Progressive Delivery

Linkerd’s dynamic request routing allows you to dynamically shift traffic between services. This can be used to implement lower-risk deployment strategies like blue-green deploys and canaries.

But simply shifting traffic from one version of a service to the next is just the beginning. We can combine traffic splitting with Linkerd’s automatic golden metrics telemetry and drive traffic decisions based on the observed metrics. For example, we can gradually shift traffic from an old deployment to a new one while continually monitoring its success rate. If at any point the success rate drops, we can shift traffic back to the original deployment and back out of the release. Ideally, our users remain happy throughout, not noticing a thing!

In this tutorial, we’ll show you how to use two different progressive delivery tools: Flagger and Argo Rollouts and how to tie Linkerd’s metrics and request routing together in a control loop, allowing for fully-automated, metrics-aware canary deployments.

Progressive Delivery - 图1

Linkerd Production Tip

This page contains best-effort instructions by the open source community.
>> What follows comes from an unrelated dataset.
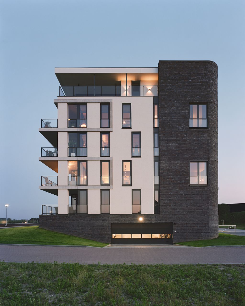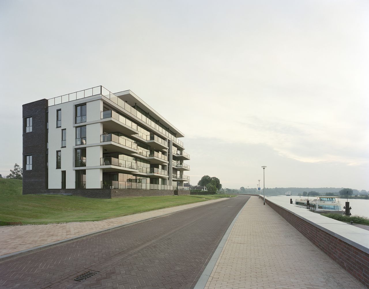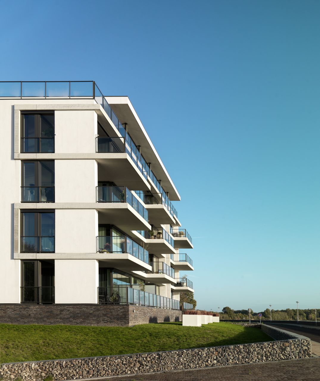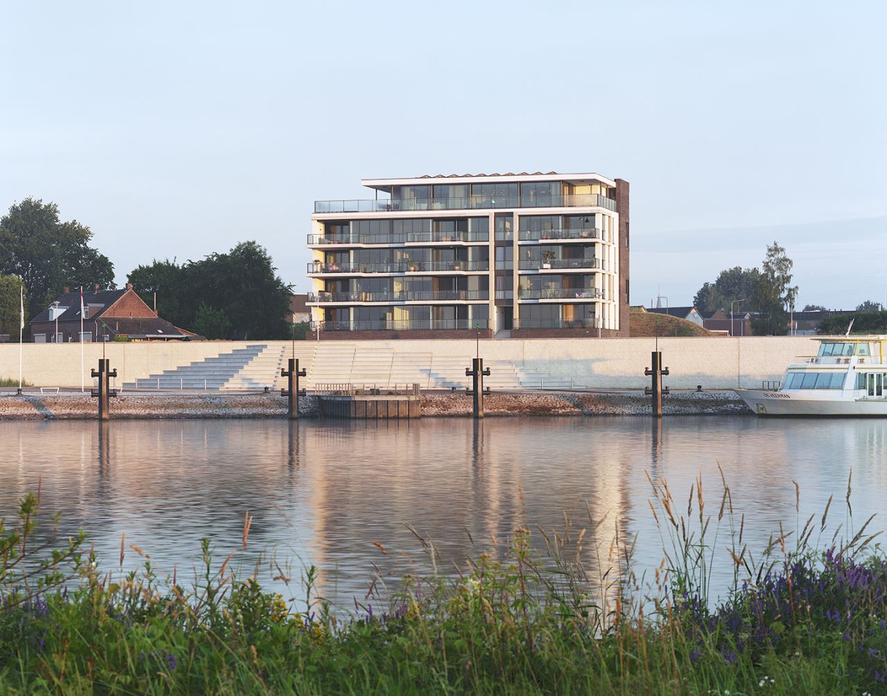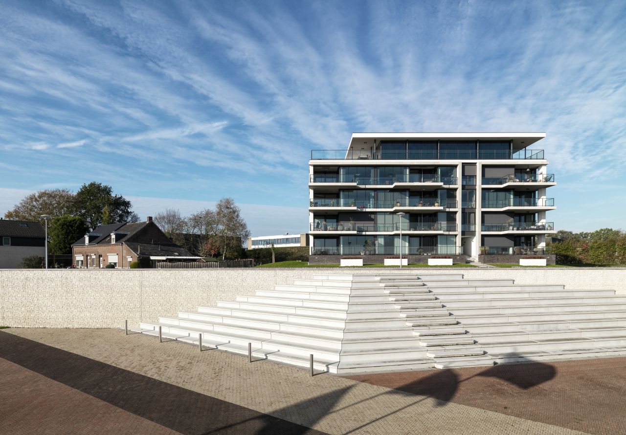 Door veelvuldig gebruik van glas creëerden we een maximaal uitzicht op de Maas. Zelfs de bewoners van de eerste woonlaag kijken vrij uit over het water en de taludtuin met grassen. Dit doordat het appartementencomplex bovenop een parkeerplint staat. De verspringende balkons en het gebruik van wit aan de maaszijde geven het gebouw een open, dynamisch en maritiem karakter. In combinatie met de gemetselde rug en plint van het gebouw zorgt dit voor een mooi ensemble van vorm, materiaal en kleur.
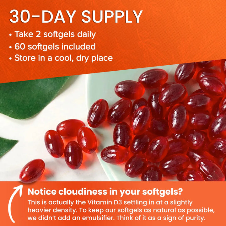 - 💪 Fuerza para tus huesos: La vitamina D3 fortalece tu sistema óseo y mejora tu energía.

Production users with mission-critical applications should familiarize themselves with Linkerd production resources and/or connect with a commercial Linkerd provider.

Prerequisites

To use this guide, you’ll need a Kubernetes cluster running:

Flagger

Install Flagger

While Linkerd will be managing the actual traffic routing, Flagger automates the process of creating new Kubernetes resources, watching metrics and incrementally sending users over to the new version. To add Flagger to your cluster and have it configured to work with Linkerd, run:

  1. kubectl apply -k github.com/fluxcd/flagger/kustomize/linkerd

This command adds:

  • The canary CRD that enables configuring how a rollout should occur.
  • RBAC which grants Flagger permissions to modify all the resources that it needs to, such as deployments and services.
  • A Flagger controller configured to interact with the Linkerd control plane.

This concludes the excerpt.